= Jessica Benton =

British actress

Jessica Benton (born 15 November 1948) is a British actress, mainly known for her role as Elizabeth Onedin / Frazer / Fogarty in the BBC series The Onedin Line, that ran from 1971 to 1980.

Benton had some minor roles on TV such as Z-Cars in 1970, and The Juggler of Notre Dame (1970). She also appeared in Upstairs, Downstairs (1971) as Lady Cynthia Cartwright in the episode "The Path of Duty", The Duchess of Duke Street (1976) as Eleanor Prentice in the episode "A Lesson in Manners", and Thomas & Sarah (1979) playing Grace Laughton in the episode "Birds of a Feather".

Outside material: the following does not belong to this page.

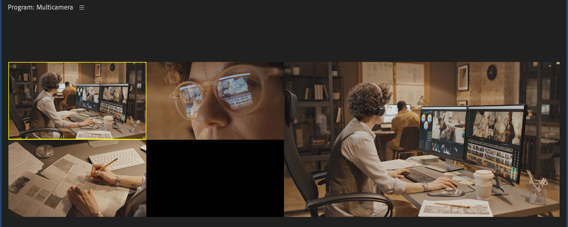 - The Preview Monitor will split into two, Left side shows all your different Camera angles and the right an Output of your edit.

In 1974, after receiving coaching in the language, Benton appeared in the Dutch-language film, De vijf van de vierdaagse.

With the conclusion of The Onedin Line Benton's career as a television actor largely ended, although she did appear in a drama-documentary shot in Austria in which she played Queen Anne. Benton also did a selection of plays at Salisbury Playhouse, inaugurated in 1976.

In 1977, Benton was living with her husband, Charlie Waite, a photographer and ex-actor, and their two-year-old daughter in South Kensington. In 1993 she was living in Dorset with her husband, daughter, 10 dogs and over 100 chickens.

Benton was active in the women's rights movement of the 1970s, and in campaigns for wildlife conservation.